Saturday, November 25, 2023

Israel Palestine Conflict

 Surabaya-Jakarta, 25 November 2023

Billions of people are praying to God and condemn the genocide done by Israel to Palestinians. But why are their prayers not heard by the god? Why do they keep losing the war? Why does god allow this tragedy to happen? If this is what the god wants, then why do we have to be angry?

Thursday, September 21, 2023

Update of My Thoughts

 Surabaya, 21 September 2023

After days of disappointment, it is weird that I don't think about it anymore. Perhaps, being busy at work has helped me to stay positive. Initially, I thought my life has ended, and I even had suicidal thoughts. But just in two days, those thoughts were gone. I kept busy at work especially preparing a farewell party for my bosses' rotation to other offices.

It's a magic that the more I congrats them, the more I feel relieved and accept it. I know that I still have many things to do in my current office, and maybe I am not ready yet to get promoted. I remember my idealistic words that I said many years ago that I will work wholeheartedly wherever I am placed, do my best, and the rests will follow.
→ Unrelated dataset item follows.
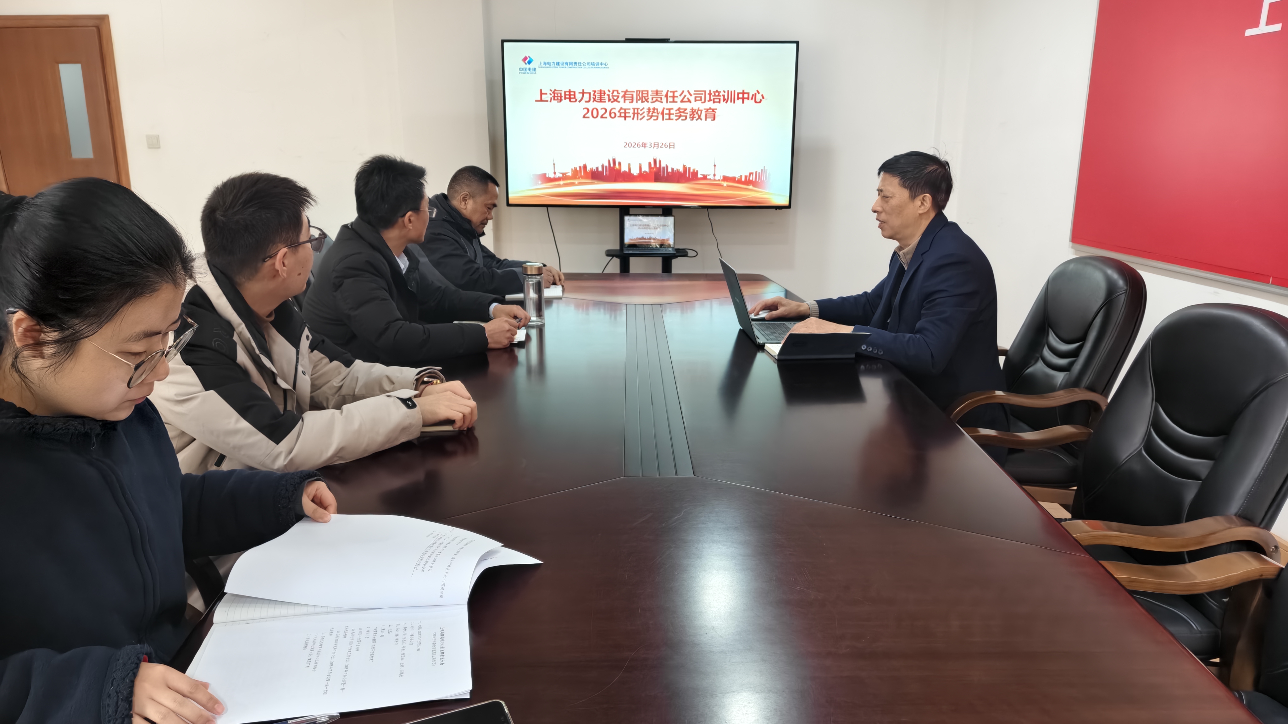 为深入贯彻上级党委工作部署,统一思想、凝聚共识,3月26日,上海电建培训中心党支部组织开展形势任务教育主题党日活动。本次学习由培训中心党支部书记、主任陆根兴主持,全体党员参加。 会议紧扣“十五五”开局之年,逐字逐句研读上级系列重要会议精神的核心部署,聚焦集团公司、上海电建公司2026年党建工作会议、党风廉政建设和反腐败工作会议暨警示教育大会精神,以及年度工作会议精神,紧密结合行业发展趋势、市场竞争格局和培训管理实际,开展全面深入、细致务实的宣讲解读,为“十五五”开局凝聚奋进力量、注入强劲动能。 此次宣讲客观分析了培训中心面临的短板不足与风险挑战,明确了发展机遇与有利条件,详细部署了全年重点工作与具体要求,既是一次思想“充电”,更是一次行动“动员”。在学习过程中,参会人员围绕学习内容展开了热烈讨论。大家结合培训中心的主责主业与个人岗位实际,积极分享学习体会,并就如何将上级决策部署转化为具体的培训教学、管理服务实践踊跃发言。 最后,培训中心党支部书记、主任陆根兴作总结发言。他对本次学习的成效和大家的积极参与给予了肯定,并就下一阶段工作提出明确要求:一是要持续深化学习,将上级会议精神内化于心、外化于行,确保思想根基牢固;二是要抓好贯彻落实,将学习成果与培训中心年度重点任务紧密结合,特别是在提升培训质量、培育新质生产力相关技能人才方面拿出实招;三是要加强自身建设,全体党员职工要以更高的标准要求自己,严守纪律规矩,提升专业能力,共同营造风清气正、干事创业的良好氛围,为圆满完成年度各项目标任务、助力公司战略转型发展筑牢坚实的思想与能力基础。 |

I also think maybe this is the best journey I should walk through. Who knows I would get a better life in the future. And maybe, this is the best thing for me right now. Imagine that I have to live far from home and far away from the mental health facilities if I got promoted, I don't think I am ready for that at the moment, right?

Anyway, I would say congratulations to my friends, and I am wishing you all the best in your future endeavours.


Tuesday, September 19, 2023

Advancement

 Surabaya, 19 September 2023

I can't sleep tonight. There is something bothering my mind. How can I feel the pain when I see others succeed with their life while I don't? I feel like my life has ended and I have no future anymore. 

So today at the office, we got a big news that many of my friends got promoted to a higher level of position, while I didn't. What makes me so disappointed is that I was the first person in our year that took master's degree but I did not get promoted yet. Meanwhile my friends who took master's degree after me got promoted. I didn't envy to their promotion, I am happy for them, but I am disappointed with myself. At least, I should have been among them too.

I think I know the reason why it goes this way. In 2018, right after I finished my master's study, I was appointed to work as a staff of an expert staff of the Minister of Finance. However, along the way, I was stressed with the pressure of works given by the expert staff. Until late 2019, I could not bear it anymore that I ran away from the office and never returned. I became very sensitive and had an anger issue. November 2019 was my worst condition that I went to a psychiatrist and I was diagnosed with bipolar disorder. Having bipolar disorder, I have to see my psychiatrist regularly at least once in a month to maintain my mood and to get medicines. 

Since then, I was transferred to work in a low-pace unit. Then, in 2021, I was transferred to Surabaya for a new position as an Account Representative. My work performance was also declining to the bottom rank. I had a bad reputation already in my workplace, from running away from the office, to speaking up about LGBT issues. Moreover, who wants to be led by a homosexual and an atheist like me in this identity-political society? Now, considering all those circumstances, how would someone recommend me to be promoted to a higher level of position?  In addition, I need to see a psychiatrist that may not be available in remote area where I might be placed if I got promoted.

The thoughts do not stop until there. I still have a dream to take PhD, whether or not I get a promotion. However, I don't know how to get there, and no one here to teach me. I took a wrong way by taking master by taught without research element in it. Now, I don't have any experience to do a research. Consequently, I don't have any thesis supervisor who can give me a recommendation letter to apply PhD. Another obstacle is that I also made a mistake in my financial decision that I am in a huge debt to buy a house and a car. I don't think I could afford PhD even though I got a scholarship.

It hurts to know that my colleagues are moving forwards while I am stuck here. I feel like I have no future anymore. I have ruined my career path and my study path as well. Everything has ended. I live my life like a zombie.